The task -
Please write out exactly the lines from the opening of the listing through the line that holds "Bonnie Baby Tapestry", including both, and nothing else; no pictures.

Dataset section -

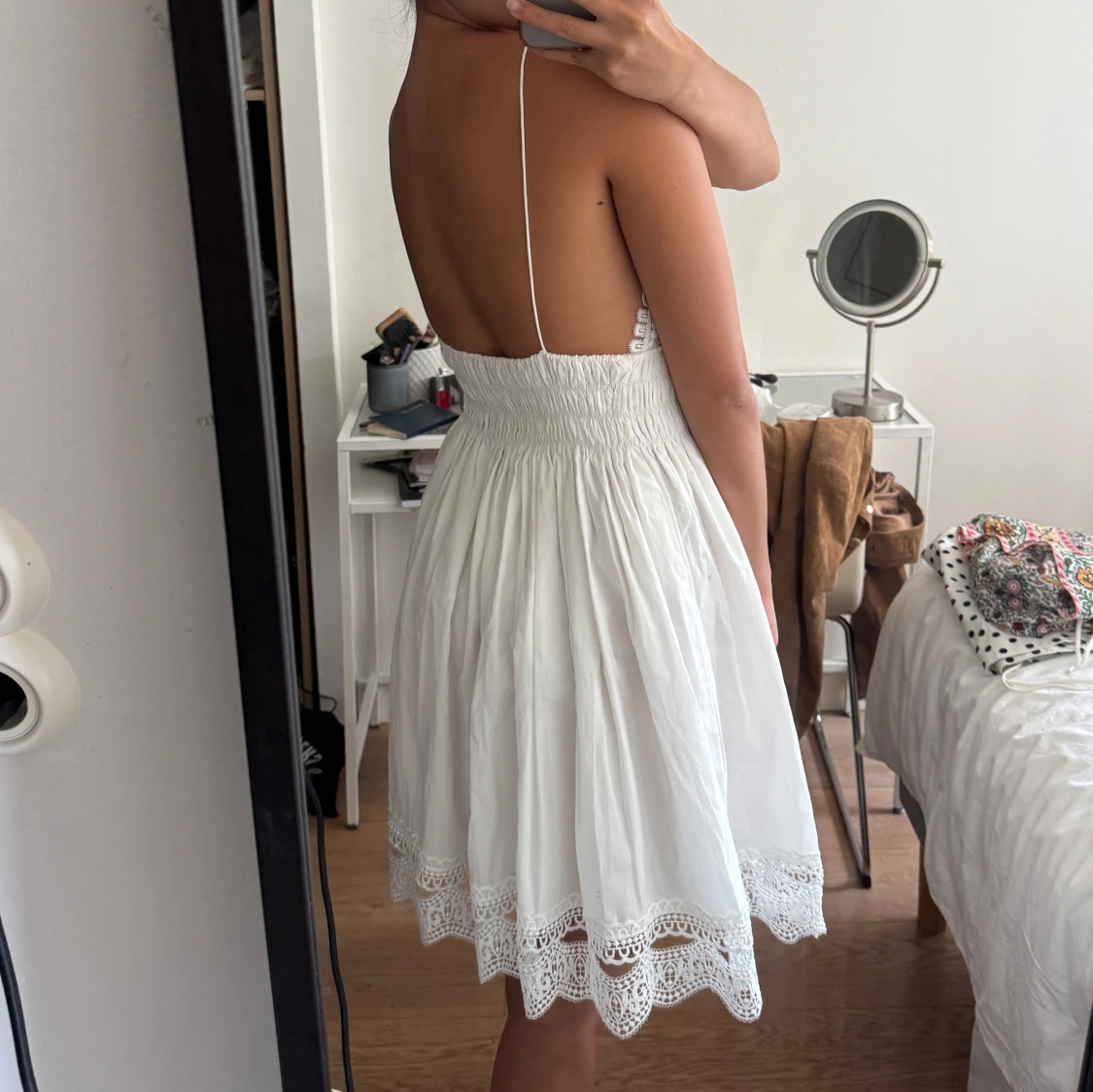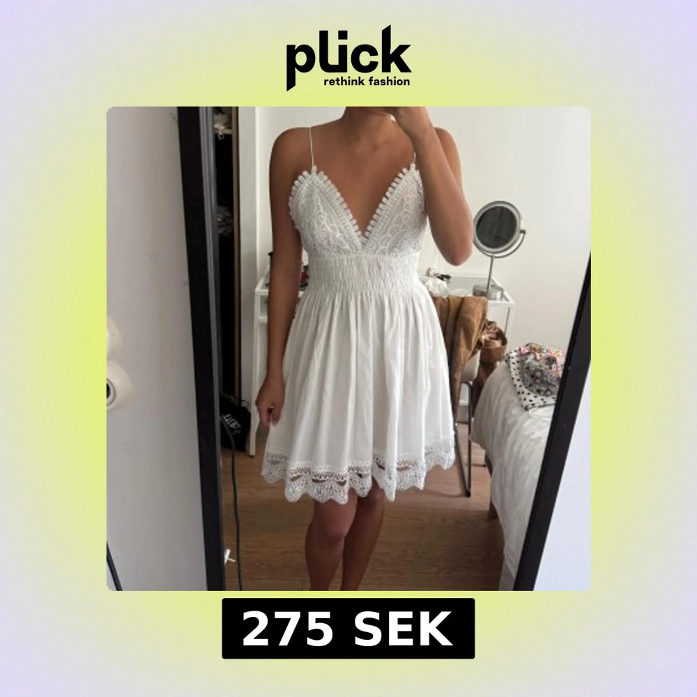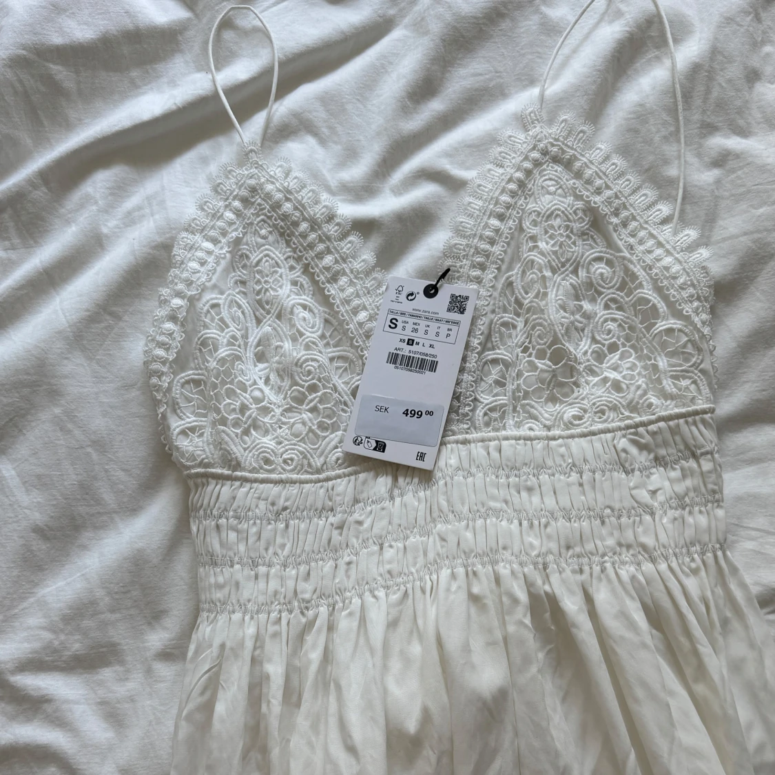 Supersöt vit kortklänning från Zara med tunna axelband, v-ringad spets upptill och smockad midja. Kjolen är lätt och har broderad spetskant. Öppen rygg och romantiska detaljer gör den perfekt för sommarens alla tillfällen. Materialet är bomull.
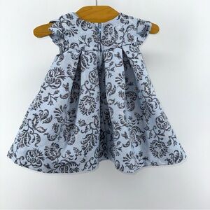 Bonnie Baby Tapestry Silver and Blue Floral Baby Dress with Bow
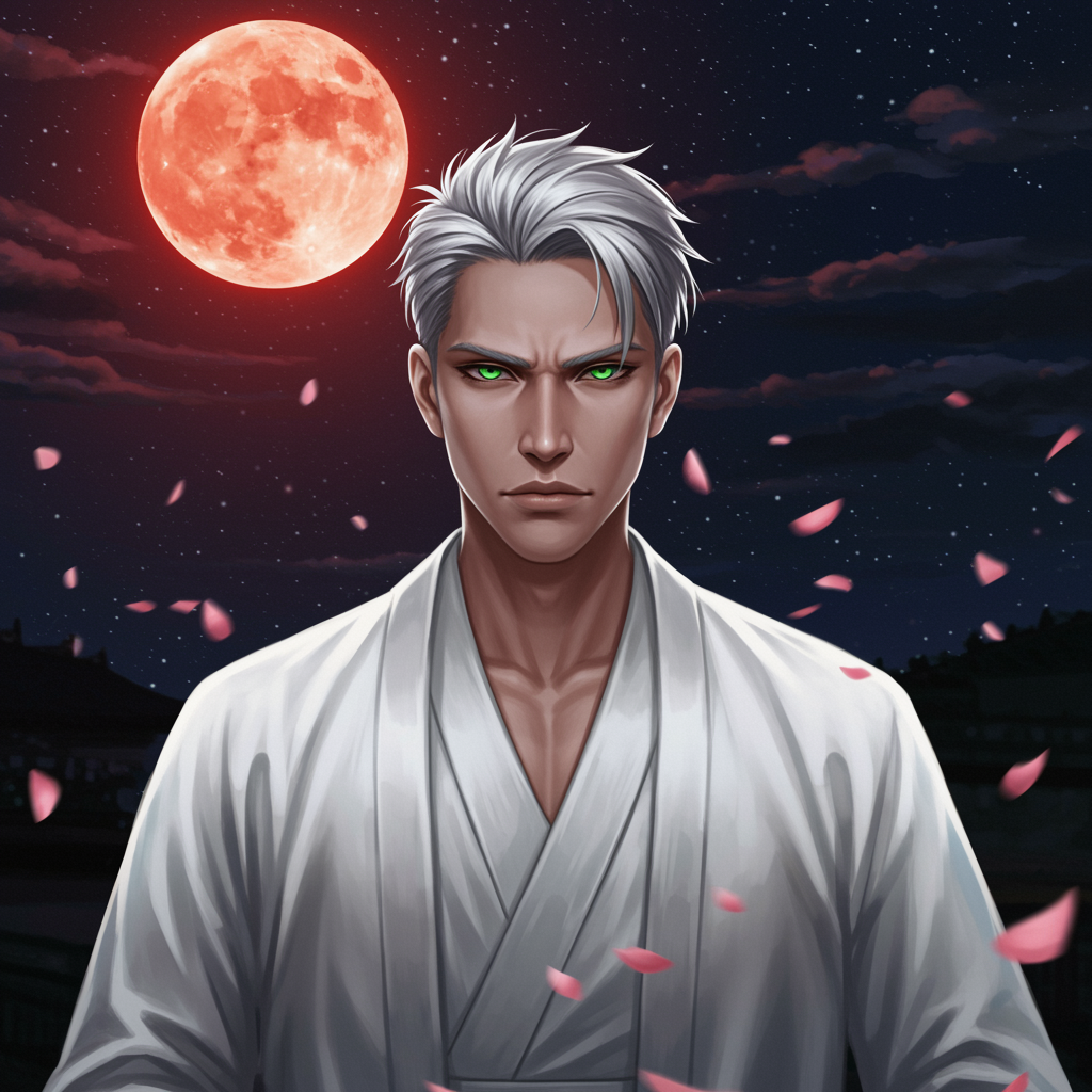 Powerful male character with striking green eyes and short silver hair, donned in an elegant white robe. The scene unfolds under a vivid blood moon, casting its mysterious light. It's night, and delicate flower petals dance through the air. Captured in a front portrait shot with side lighting, the moon's glow enhances their features. The atmosphere is rich and detailed, boasting an 8K resolution for breathtaking clarity.

Answer for this exercise -
 Supersöt vit kortklänning från Zara med tunna axelband, v-ringad spets upptill och smockad midja. Kjolen är lätt och har broderad spetskant. Öppen rygg och romantiska detaljer gör den perfekt för sommarens alla tillfällen. Materialet är bomull.
 Bonnie Baby Tapestry Silver and Blue Floral Baby Dress with Bow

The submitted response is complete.